→ Activity: Copy verbatim the block of lines in the entries below whose first line contains "2024年5月29日,在太和" and whose last line contains "A HAP é classificada". Leave out all other lines.

___ Recorded data

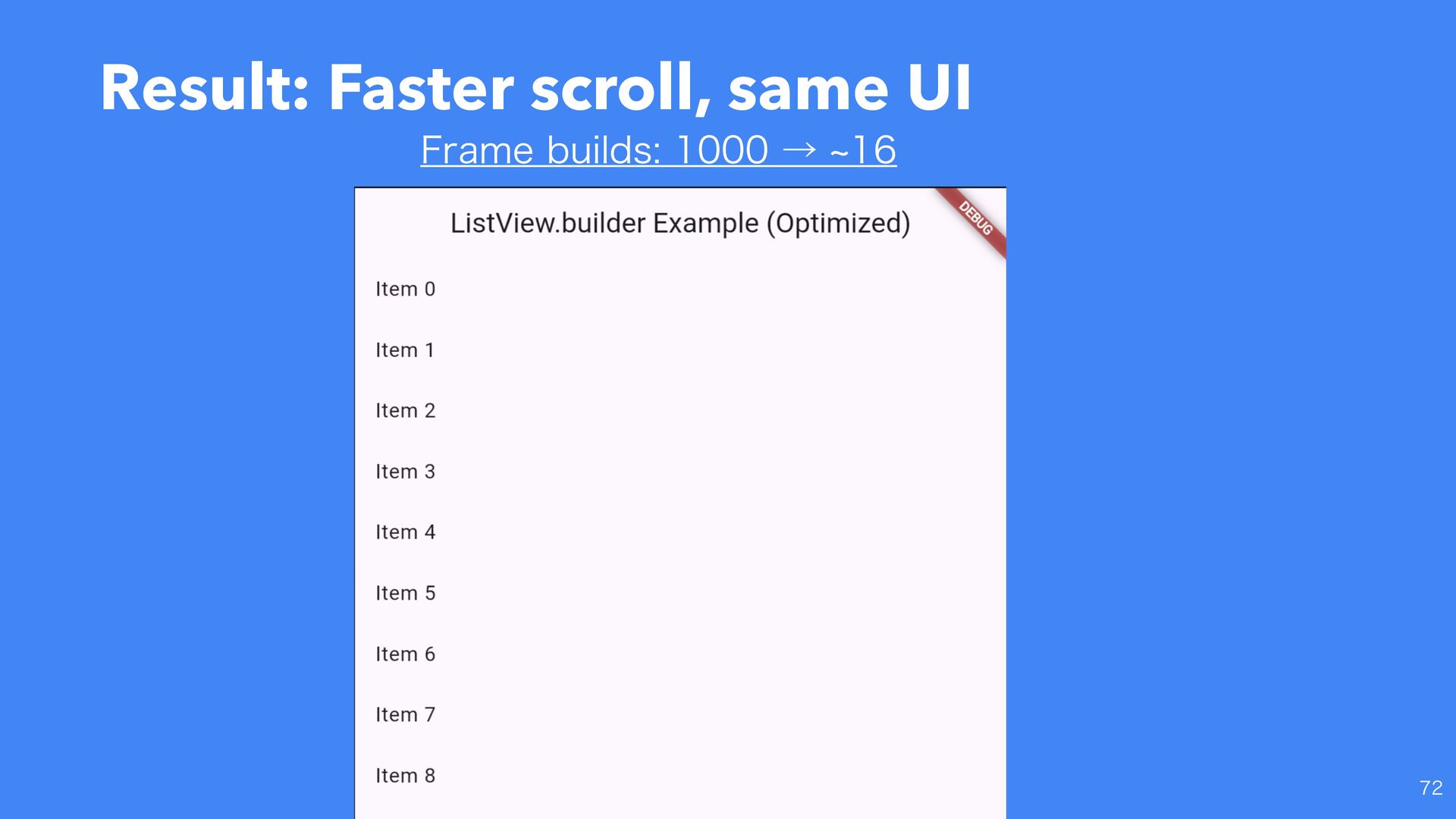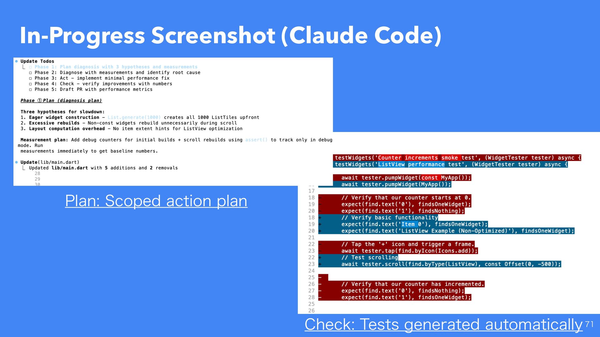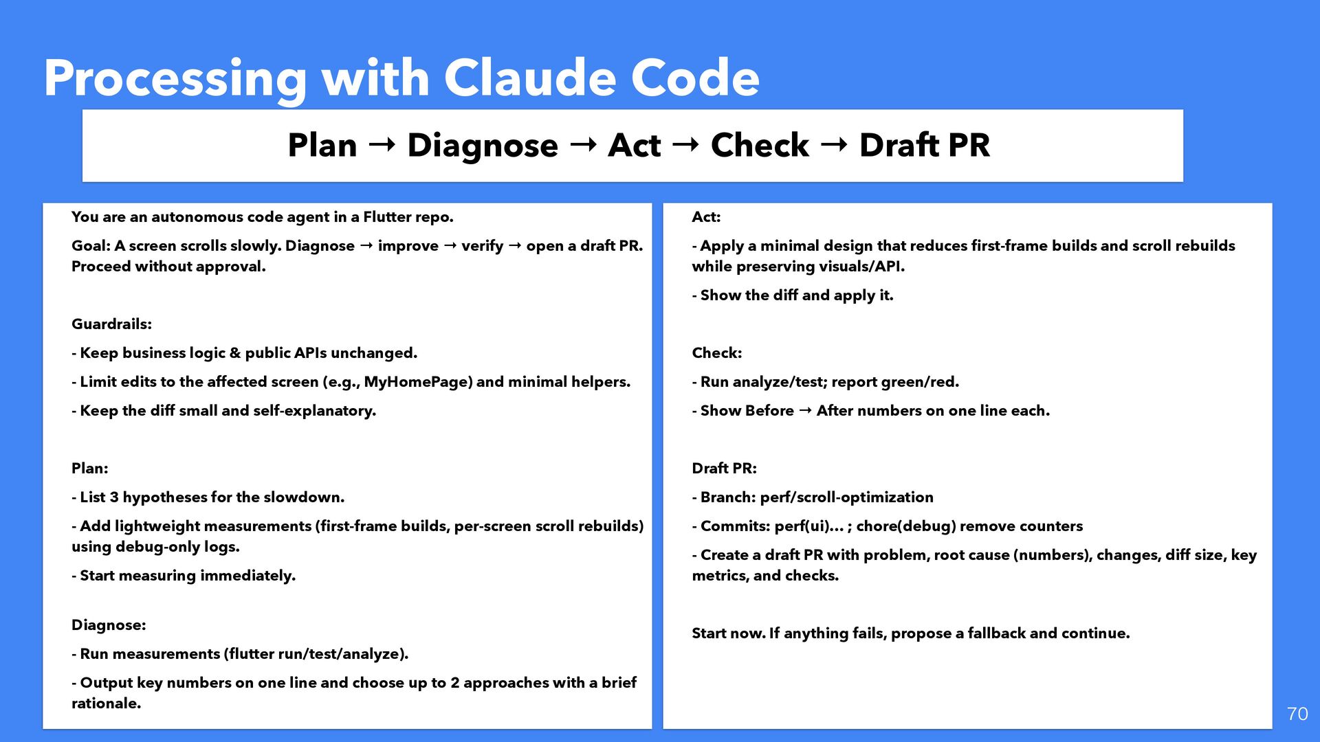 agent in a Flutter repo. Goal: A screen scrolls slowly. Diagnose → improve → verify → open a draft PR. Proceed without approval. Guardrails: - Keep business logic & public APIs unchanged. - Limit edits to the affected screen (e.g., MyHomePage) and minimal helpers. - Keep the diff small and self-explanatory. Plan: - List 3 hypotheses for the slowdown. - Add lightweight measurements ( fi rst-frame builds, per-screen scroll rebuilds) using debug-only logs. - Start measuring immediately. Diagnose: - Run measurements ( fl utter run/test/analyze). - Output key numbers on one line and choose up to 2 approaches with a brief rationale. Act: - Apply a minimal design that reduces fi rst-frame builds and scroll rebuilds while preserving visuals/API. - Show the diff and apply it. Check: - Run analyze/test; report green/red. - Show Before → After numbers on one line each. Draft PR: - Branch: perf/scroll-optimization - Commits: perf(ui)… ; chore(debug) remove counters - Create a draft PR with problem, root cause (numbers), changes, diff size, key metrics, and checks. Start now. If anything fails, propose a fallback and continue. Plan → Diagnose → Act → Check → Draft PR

______
___ Recorded data

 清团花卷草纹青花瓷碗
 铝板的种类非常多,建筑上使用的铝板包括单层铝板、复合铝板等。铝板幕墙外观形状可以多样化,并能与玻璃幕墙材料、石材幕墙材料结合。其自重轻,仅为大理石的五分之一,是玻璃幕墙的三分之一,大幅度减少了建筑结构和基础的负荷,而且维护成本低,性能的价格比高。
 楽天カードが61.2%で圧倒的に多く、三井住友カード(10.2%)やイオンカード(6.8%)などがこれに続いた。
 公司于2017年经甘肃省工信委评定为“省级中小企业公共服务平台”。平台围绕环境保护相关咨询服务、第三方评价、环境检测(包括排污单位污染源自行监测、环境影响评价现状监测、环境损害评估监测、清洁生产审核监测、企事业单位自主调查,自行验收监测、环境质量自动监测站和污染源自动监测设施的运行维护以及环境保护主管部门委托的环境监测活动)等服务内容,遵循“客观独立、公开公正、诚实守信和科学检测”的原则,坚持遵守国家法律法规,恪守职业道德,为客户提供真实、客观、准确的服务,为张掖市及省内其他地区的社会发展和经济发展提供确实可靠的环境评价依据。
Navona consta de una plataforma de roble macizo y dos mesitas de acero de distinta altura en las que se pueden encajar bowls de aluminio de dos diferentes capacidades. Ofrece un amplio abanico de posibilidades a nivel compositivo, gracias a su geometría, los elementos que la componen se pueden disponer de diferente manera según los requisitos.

______
___ Recorded data

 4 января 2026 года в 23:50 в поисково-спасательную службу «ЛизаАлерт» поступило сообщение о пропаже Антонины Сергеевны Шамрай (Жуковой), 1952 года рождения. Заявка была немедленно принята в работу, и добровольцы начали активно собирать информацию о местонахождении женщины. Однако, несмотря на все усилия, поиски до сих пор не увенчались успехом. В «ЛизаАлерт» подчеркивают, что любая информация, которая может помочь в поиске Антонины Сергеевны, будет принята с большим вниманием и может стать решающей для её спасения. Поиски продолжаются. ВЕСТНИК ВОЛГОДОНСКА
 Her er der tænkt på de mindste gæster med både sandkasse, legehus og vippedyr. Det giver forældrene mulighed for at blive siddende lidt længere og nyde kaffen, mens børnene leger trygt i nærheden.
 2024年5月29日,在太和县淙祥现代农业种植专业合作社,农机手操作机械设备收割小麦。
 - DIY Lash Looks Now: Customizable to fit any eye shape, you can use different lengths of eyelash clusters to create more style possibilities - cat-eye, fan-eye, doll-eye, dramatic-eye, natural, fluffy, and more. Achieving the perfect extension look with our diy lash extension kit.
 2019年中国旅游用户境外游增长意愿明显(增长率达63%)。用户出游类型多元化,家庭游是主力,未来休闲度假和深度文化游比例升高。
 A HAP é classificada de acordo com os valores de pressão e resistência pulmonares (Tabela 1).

______

→ Solution:
 2024年5月29日,在太和县淙祥现代农业种植专业合作社,农机手操作机械设备收割小麦。
 - DIY Lash Looks Now: Customizable to fit any eye shape, you can use different lengths of eyelash clusters to create more style possibilities - cat-eye, fan-eye, doll-eye, dramatic-eye, natural, fluffy, and more. Achieving the perfect extension look with our diy lash extension kit.
 2019年中国旅游用户境外游增长意愿明显(增长率达63%)。用户出游类型多元化,家庭游是主力,未来休闲度假和深度文化游比例升高。
 A HAP é classificada de acordo com os valores de pressão e resistência pulmonares (Tabela 1).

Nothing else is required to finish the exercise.